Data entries
====

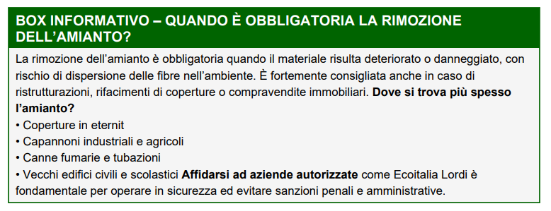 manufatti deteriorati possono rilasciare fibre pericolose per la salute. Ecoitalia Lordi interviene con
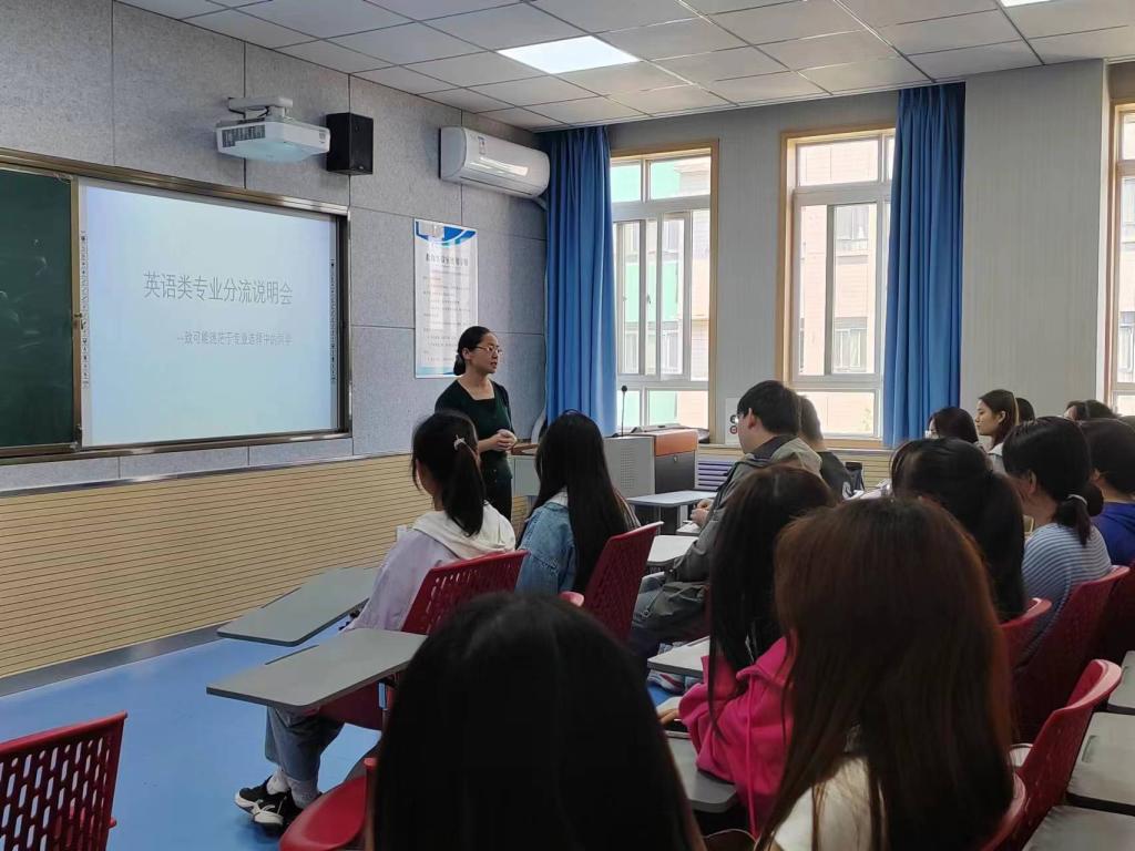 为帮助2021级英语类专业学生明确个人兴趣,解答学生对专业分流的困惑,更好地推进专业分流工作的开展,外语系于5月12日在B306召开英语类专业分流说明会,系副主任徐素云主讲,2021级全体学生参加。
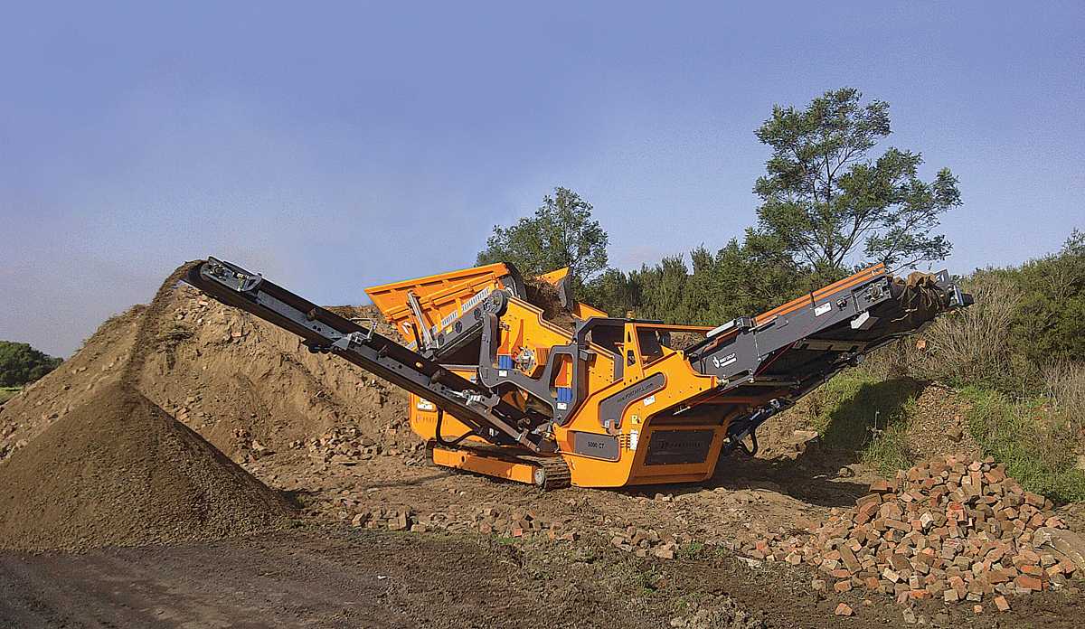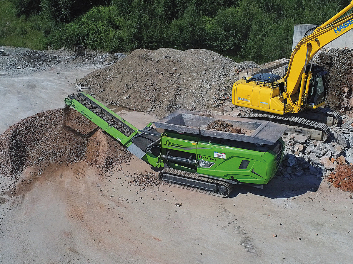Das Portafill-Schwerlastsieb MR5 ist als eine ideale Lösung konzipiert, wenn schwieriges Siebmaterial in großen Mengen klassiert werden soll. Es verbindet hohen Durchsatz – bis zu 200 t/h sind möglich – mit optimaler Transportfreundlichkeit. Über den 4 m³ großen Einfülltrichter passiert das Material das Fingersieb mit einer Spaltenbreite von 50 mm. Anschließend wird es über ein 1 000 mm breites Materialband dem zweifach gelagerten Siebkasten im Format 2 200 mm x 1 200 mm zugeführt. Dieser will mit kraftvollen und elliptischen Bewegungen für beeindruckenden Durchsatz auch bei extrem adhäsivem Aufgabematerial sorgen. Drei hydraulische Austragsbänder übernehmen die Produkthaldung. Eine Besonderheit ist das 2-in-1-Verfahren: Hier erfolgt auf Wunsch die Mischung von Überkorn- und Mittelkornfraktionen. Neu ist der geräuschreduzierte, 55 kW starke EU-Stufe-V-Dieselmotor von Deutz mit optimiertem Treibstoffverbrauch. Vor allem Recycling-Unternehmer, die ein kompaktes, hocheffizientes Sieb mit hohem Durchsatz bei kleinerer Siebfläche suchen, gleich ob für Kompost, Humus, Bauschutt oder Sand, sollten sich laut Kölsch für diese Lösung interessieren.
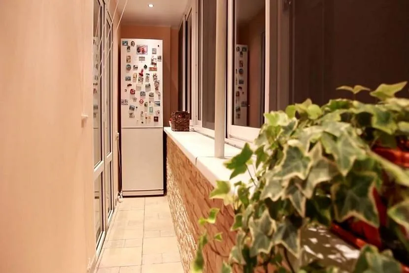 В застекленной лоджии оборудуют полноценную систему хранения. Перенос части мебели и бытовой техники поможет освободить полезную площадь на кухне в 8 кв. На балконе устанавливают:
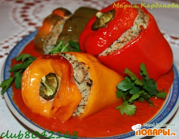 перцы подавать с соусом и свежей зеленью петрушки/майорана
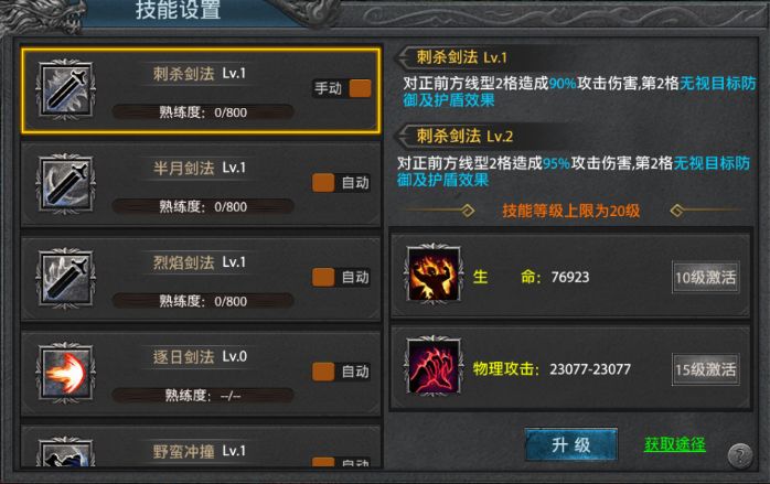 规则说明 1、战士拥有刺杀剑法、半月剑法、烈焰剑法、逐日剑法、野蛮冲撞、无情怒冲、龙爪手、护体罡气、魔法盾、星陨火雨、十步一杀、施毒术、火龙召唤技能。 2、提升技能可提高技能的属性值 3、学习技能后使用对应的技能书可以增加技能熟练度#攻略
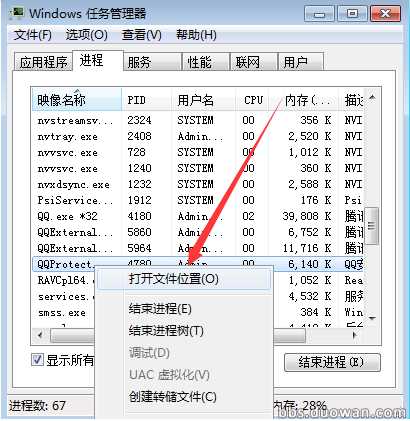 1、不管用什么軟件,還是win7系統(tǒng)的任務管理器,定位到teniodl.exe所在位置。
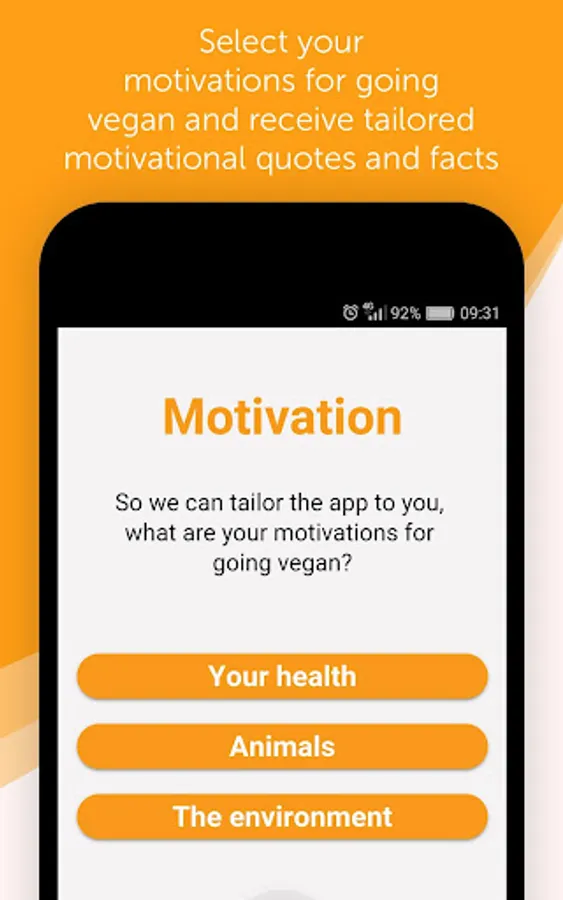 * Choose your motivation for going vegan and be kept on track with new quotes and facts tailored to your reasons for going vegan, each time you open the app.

====

Leaving pictures out, output the lines of the data above from the one with "перцы подавать с" through the one with "1、不管用什么軟件,還是wi", word for word.

 перцы подавать с соусом и свежей зеленью петрушки/майорана
 规则说明 1、战士拥有刺杀剑法、半月剑法、烈焰剑法、逐日剑法、野蛮冲撞、无情怒冲、龙爪手、护体罡气、魔法盾、星陨火雨、十步一杀、施毒术、火龙召唤技能。 2、提升技能可提高技能的属性值 3、学习技能后使用对应的技能书可以增加技能熟练度#攻略
 1、不管用什么軟件,還是win7系統(tǒng)的任務管理器,定位到teniodl.exe所在位置。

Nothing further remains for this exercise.